Bioleaching of sulfidic tailing samples with a novel, vacuum-positive pressure driven bioreactor.

This study presents a design for a novel bioreactor that uses alternating vacuum and positive pressure cycles to transfer acidic leach solution in and out of contact with finely ground sulfidic mine tailings. These tailings constitute an environmental problem that needs experimental data to support the development of management and control strategies. A conventional stirred tank bioreactor was used as a reference system. Both bioreactors were inoculated with mixed cultures of acidophilic iron and sulfur oxidizers. The rate of the bioleaching of tailings was 0.50 +/- 0.14 g Fe/L . day in the stirred tank bioreactor and 0.17 +/- 0.05 g Fe/L . day in the novel bioreactor. Microbial populations were identified in the two-bioreactor systems by analysis of 16S rRNA genes involving amplification, denaturing gradient gel electrophoresis (DGGE), cloning, and sequencing. The inoculum contained sulfur-oxidizing Acidithiobacillus caldus and Acidithiobacillus thiooxidans, iron oxidizers from the genera Leptospirillum and Ferroplasma, and a chemoorganotrophic Alicyclobacillus sp.
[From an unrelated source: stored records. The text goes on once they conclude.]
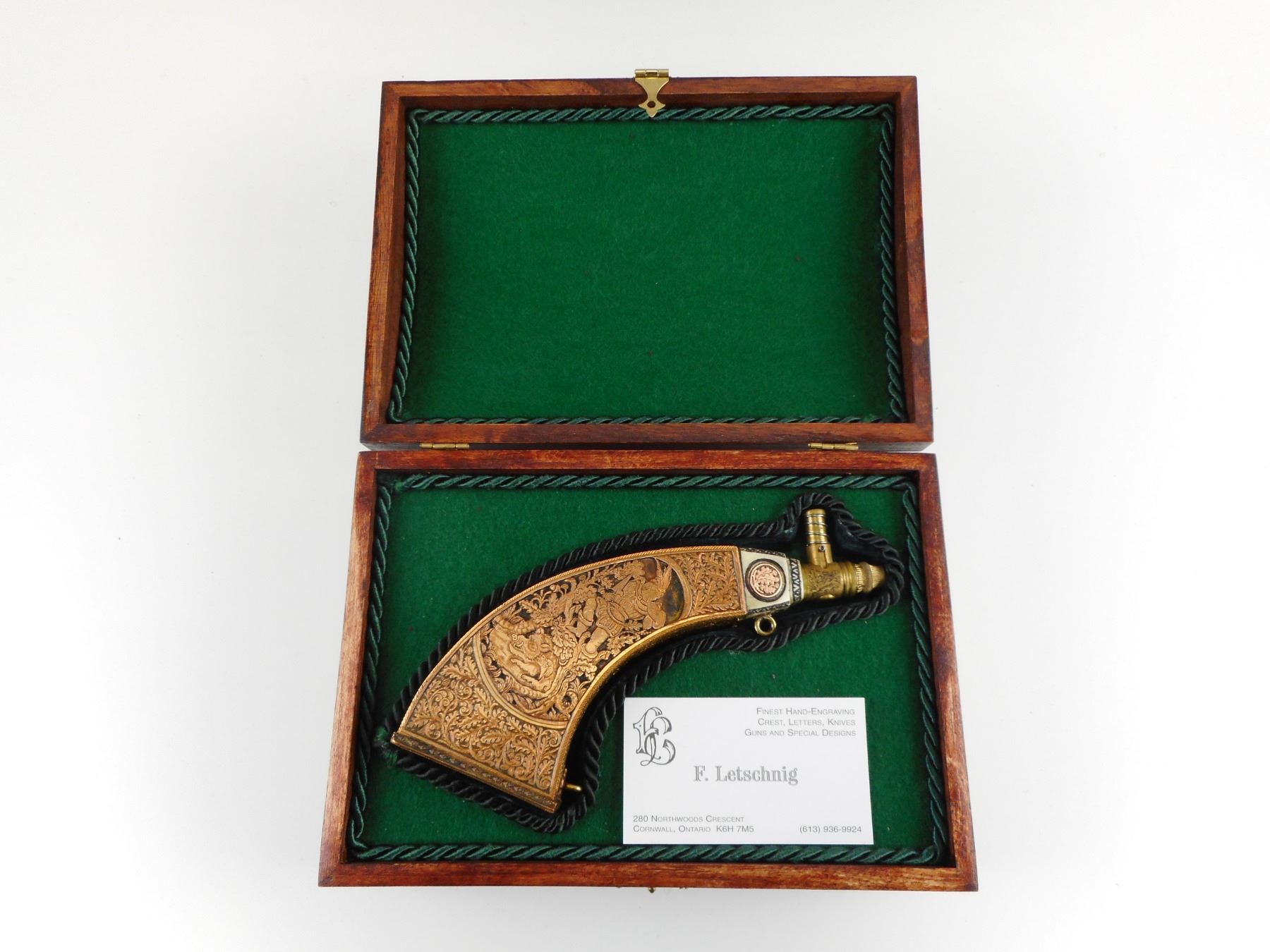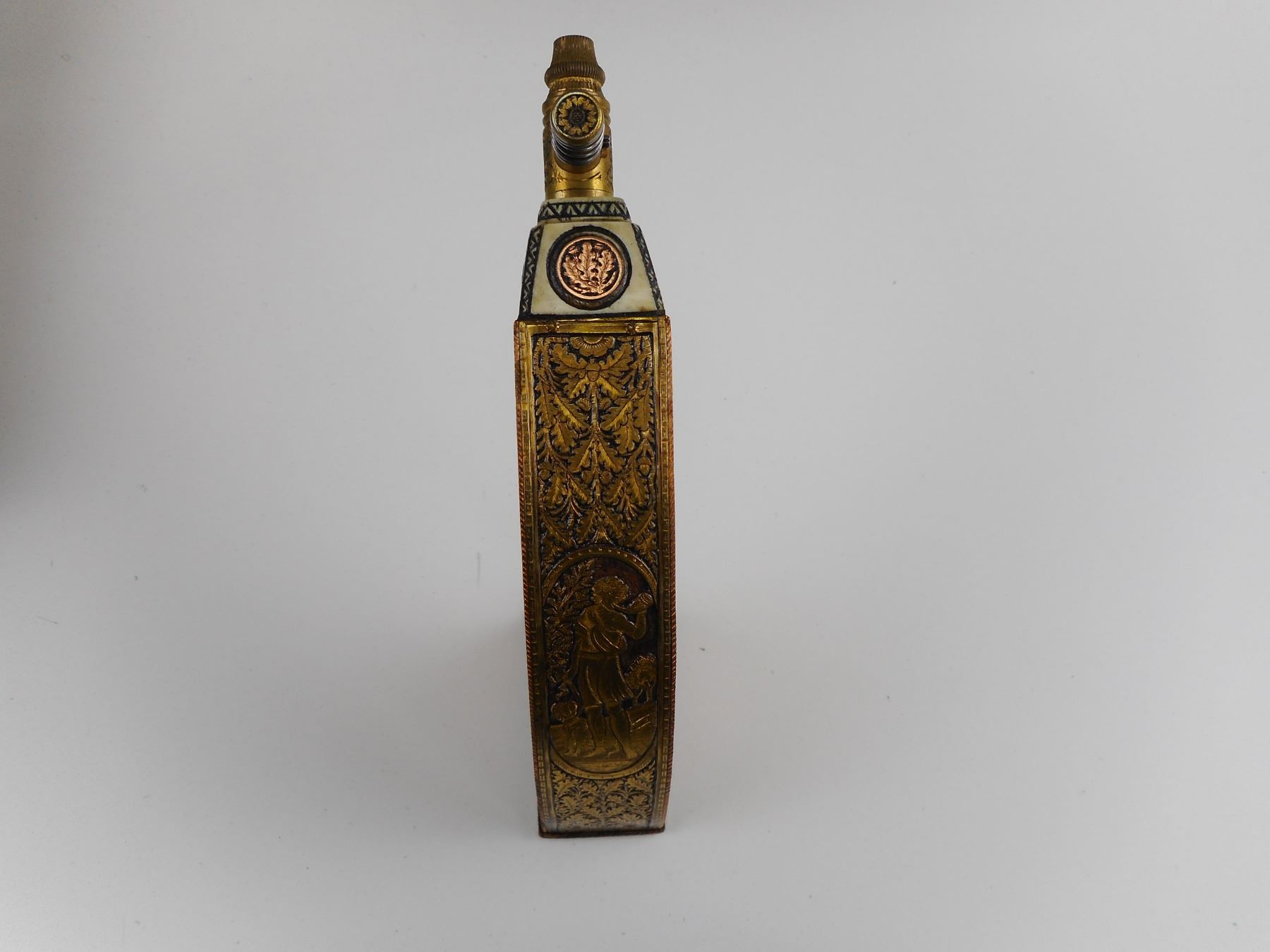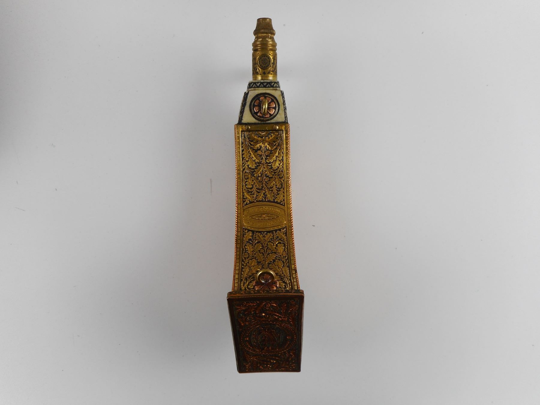 HAND CRAFTED COPPER/BRASS TYPE POWDER FLASK IN WOODEN BOX , (1) DECORATIVE POWDER FLASK, WITH BRASS AND COPPER TYPE FINISHINGS, IN VELVET LINED WOODEN BOX. BOX DIMENSIONS APPROX. 9" X 6.5". CAREFULLY HAND CRAFTED BY F. LETSCHNIG.
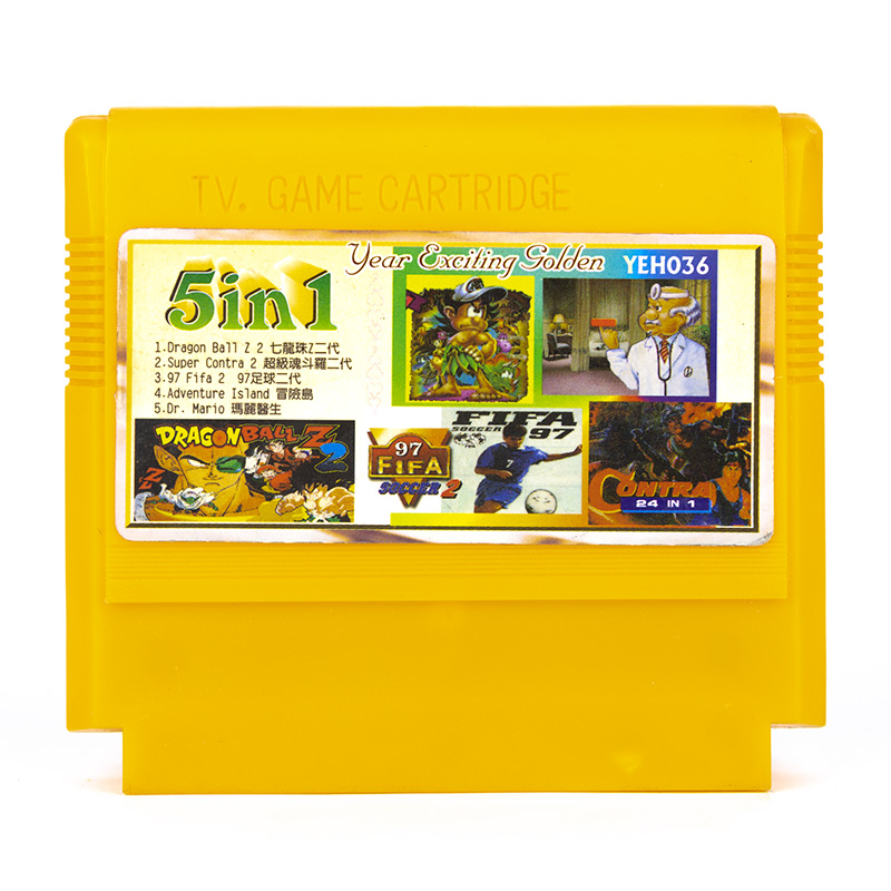 5 в 1: [YEH036] Dragon Ball Z 2, Super Contra, FIFA 97, Adventure Island, Dr. Mario
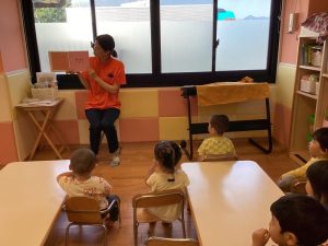 穴が空いている絵本だったので気付いたらお友達は指をさしたり「あいてる」と言ったりと普段との違いをすぐに感じ取っていました😳
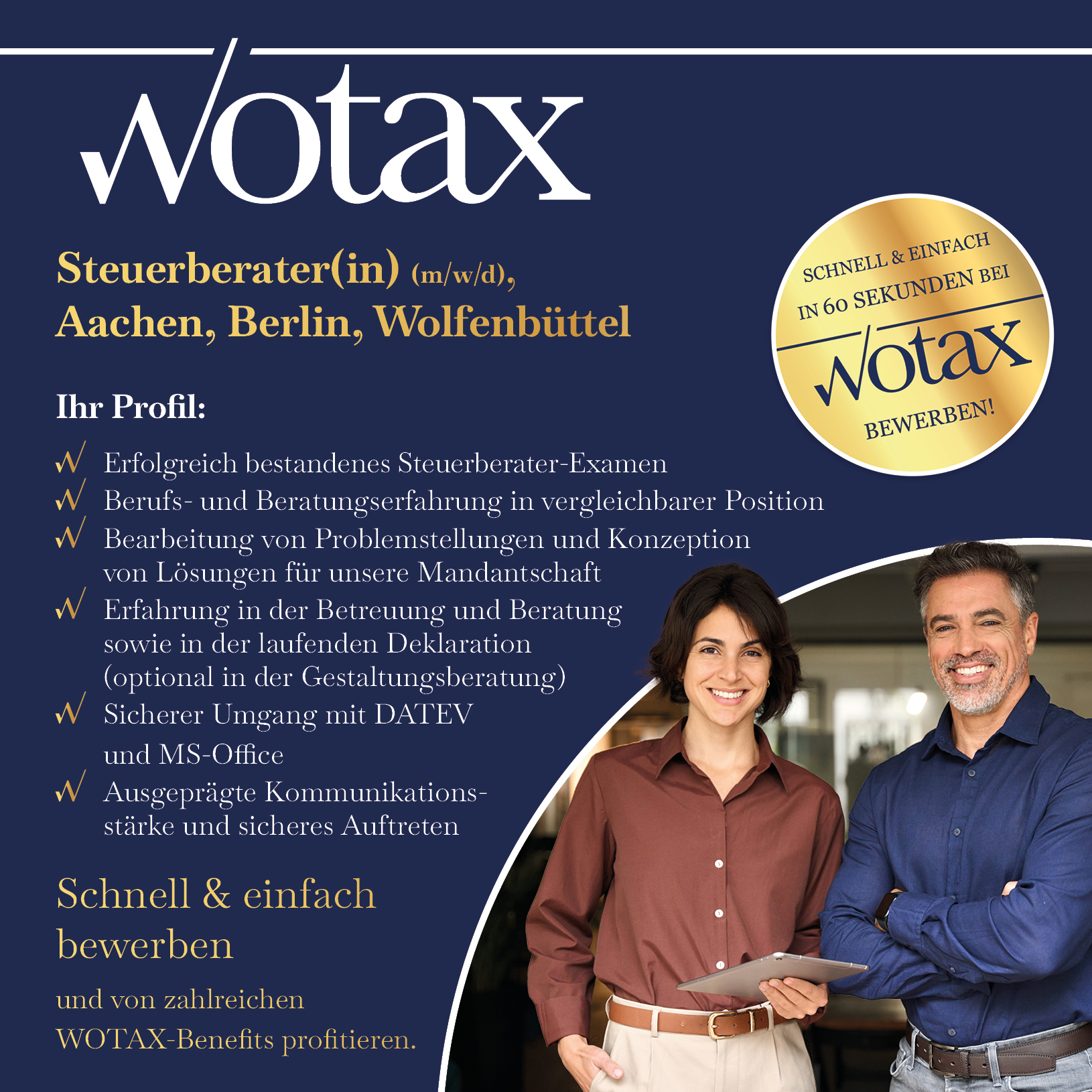 Als innovativer Partner im Bereich Steuerberatung und Wirtschaftsprüfung sucht WOTAX einen engagierten Steuerberater (m/w/d). Werden Sie Teil unseres dynamischen Teams und bringen Sie Ihre Expertise ein.

During bioleaching of the tailings, the microbial populations in both bioreactors were similar to the inoculum culture, except that At. thiooxidans outgrew At. caldus. Sequences consistent with a Sulfobacillus sp. were amplified from both bioreactor samples although this bacterium was initially below the level of detection in the inoculum. After prolonged operation, Ferroplasma acidiphilum and an uncultured bacterium related to the CFB group were also detected in the novel bioreactor, whereas Sulfobacillus sp. was no longer detected. The novel bioreactor has potential uses in other areas of environmental biotechnology that involves periodic contact of liquids with solid substrates. (c) 2005 Wiley Periodicals, Inc.